当第2四半期連結会計期間末における財政状態の分析は以下のとおりであります。

①流動資産

当第2四半期連結会計期間末に、前連結会計年度末に比べ460,715千円増加し、7,838,965千円となりました。これは、主に現金及び預金が153,246千円、売掛金及び契約資産が225,874千円、仕掛品が37,818千円それぞれ増加したことによるものです。

②固定資産

当第2四半期連結会計期間末に、前連結会計年度末に比べ100,387千円増加し、898,762千円となりました。
これは、有形固定資産が31,775千円及び投資その他の資産が83,037千円それぞれ増加し、無形固定資産が14,425千円減少したことによるものです。

③流動負債

当第2四半期連結会計期間末に、前連結会計年度末に比べ120,840千円増加し、2,101,082千円となりました。
これは、主に買掛金が15,207千円、賞与引当金が45,241千円及びその他が63,071千円それぞれ増加し、受注損失引当金が12,110千円減少したことによるものです。

④固定負債

当第2四半期連結会計期間末に、前連結会計年度末に比べ40,913千円増加し、230,922千円となりました。
これは、主に株式給付引当金が13,935千円及びその他が26,606千円それぞれ増加したことによるものです。

⑤純資産

当第2四半期連結会計期間末に、前連結会計年度末に比べ399,349千円増加し、6,405,721千円となりました。これは、主に利益剰余金が511,596千円、自己株式が137,108千円それぞれ増加したことによるものです。

 

(2)キャッシュ・フローの状況

 当第2四半期連結会計期間末における現金及び現金同等物は、前連結会計年度末に比べ186,523千円増加し、4,328,174千円となりました。

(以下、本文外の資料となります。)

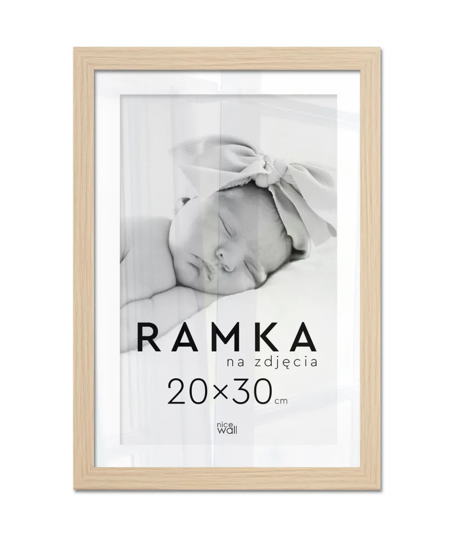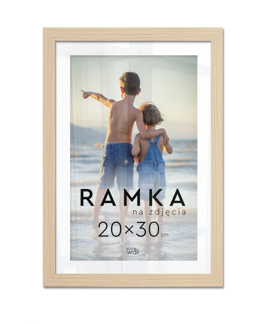 Ramka na zdjęcia 20x30 cm z podpórką Buk Eleganckie ramki do oprawy plakatów, zdjęć i rysunków. Wykonane zpłyty pilśniowej, polistyrenu i lekkiej, przejrzystej pleksy 1 mm. Ramę można powiesić w pionie lub poziomie. Każdy egzemplarz jest zafoliowany. Posiadającertyfikat FSC. Wyprodukowanew Polsce. Wymiary ramy: 20x30 cm. Wymiary profilu: front 1,5 cm, bok 1,3 cm,

 当第2四半期連結累計期間における各キャッシュ・フローの状況とそれらの増減要因は、次のとおりであります。

 

(営業活動によるキャッシュ・フロー)

 営業活動によるキャッシュ・フローは、税金等調整前四半期純利益の計上(1,187,763千円)、売上債権及び契約資産の増額による支出(232,144千円)、賞与引当金の増額による収入(45,241千円)、未払金及び未払費用の増額による収入(41,164千円)、棚卸資産の増額による支出(45,587千円)、法人税等の支払額による支出(365,792千円)などにより666,826千円の収入(前年同四半期は790,603千円の収入)となりました。

 

(投資活動によるキャッシュ・フロー)

 投資活動によるキャッシュ・フローは、有形固定資産の取得による支出(2,748千円)、無形固定資産の取得による支出(8,739千円)、敷金及び保証金の差入による支出(56,469千円)、敷金及び保証金の回収による収入(16,300千円)などにより53,797千円の支出(前年同四半期は41,879千円の支出)となりました。

 

(財務活動によるキャッシュ・フロー)

 財務活動によるキャッシュ・フローは、リース債務の返済による支出(12,517千円)、自己株式の取得による支出(137,108千円)、配当金の支払額による支出(272,319千円)により421,944千円の支出(前年同四半期は394,958千円の支出)となりました。

 

(3)経営方針・経営戦略等

 当第2四半期連結累計期間において、当社グループが定めている経営方針・経営戦略等について重要な変更はありません。

 

(4)事業上及び財務上の対処すべき課題

 当第2四半期連結累計期間において、当社グループが対処すべき課題について重要な変更はありません。

 

(5)研究開発活動

 当社は、ソフトウエア開発事業の一環として、新製品・新技術の研究・開発に取り組んでおります。当第2四半期連結累計期間については、2,312千円の研究開発費を計上しております。

 

 

3【経営上の重要な契約等】

 当第2四半期連結会計期間において、経営上の重要な契約等の決定又は締結等はありません。